Fortunately, Sails.js allows us to override parts of blueprints with custom logic. We need to override the find action with a version that counts the number of entries and sends it to ng-admin inside the X-Total-Count Header. To do so, we create a new directory inside our api directory, called blueprints. Inside this directory, we create a file called find.js with the following content:

'use strict';

/**
 * Adds the X-Total-Count Header to REST calls to support pagination in ng-admin
 */

/**
 * Module dependencies
 */
var actionUtil = require('sails/lib/hooks/blueprints/actionUtil');
var _ = require('lodash');
var async = require('sails/node_modules/async');

/**
 * Find Records
 *
 *  get   /:modelIdentity
 *   *    /:modelIdentity/find
 *
 * An API call to find and return model instances from the data adapter
 * using the specified criteria.  If an id was specified, just the instance
 * with that unique id will be returned.
 *
 * Optional:
 * @param {Object} where       - the find criteria (passed directly to the ORM)
 * @param {Integer} limit      - the maximum number of records to send back (useful for pagination)
 * @param {Integer} skip       - the number of records to skip (useful for pagination)
 * @param {String} sort        - the order of returned records, e.g. `name ASC` or `age DESC`
 * @param {String} callback - default jsonp callback param (i.e. the name of the js function returned)
 */

module.exports = function findRecords(req, res) {

    // Look up the model
    var Model = actionUtil.parseModel(req);

    // Lookup for records that match the specified criteria
    var queryData = Model.find()
        .where( actionUtil.parseCriteria(req) )
        .limit( actionUtil.parseLimit(req) )
        .skip( actionUtil.parseSkip(req) )
        .sort( actionUtil.parseSort(req) );
    queryData = actionUtil.populateRequest(queryData, req);

    var queryCount = Model.count().where(actionUtil.parseCriteria(req));

    // Expose header to the client
    res.set('Access-Control-Expose-Headers', 'X-Total-Count');

    async.parallel(
        { data: getData, count: getTotalCount },
        function (err, results) {
            res.set('X-Total-Count', results.count);
            res.ok(results.data);
        }
    );

    function getTotalCount(cb) {
        queryCount.exec(function (err, count) {
            cb(null, count);
        });
    }

    function getData(cb) {
        queryData.exec(function found(err, matchingRecords) {
            if (err) return res.serverError(err);
            // Only `.watch()` for new instances of the model if
            // `autoWatch` is enabled.
            if (req._sails.hooks.pubsub && req.isSocket) {
                Model.subscribe(req, matchingRecords);
                if (req.options.autoWatch) { Model.watch(req); }
                // Also subscribe to instances of all associated models
                _.each(matchingRecords, function (record) {
                    actionUtil.subscribeDeep(req, record);
                });
            }

            cb(null, matchingRecords);
        });
    }
};

This will now get called whenever ng-admin requests data for a list view and sends the proper header along with the data.
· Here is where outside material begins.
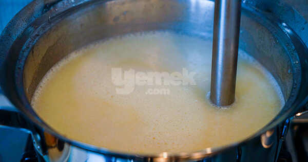 4Patatesler yumuşadıktan sonra blender ile pürüzsüz hale getirin.

The code is heavily based on the original implementation of find.js and some code I found in a Gist on Github. I only updated it a bit to work with a newer version of Sails.js (0.12 in this case).

Because the code above requires lodash and we cannot rely on lodash automatically shipping with Sails.js, we need to install it via npm before everything works:

npm require lodash --save

With these 2 changes in place, our ng-admin application should now be able to nicely display list views for our automatically generated Sails.js API.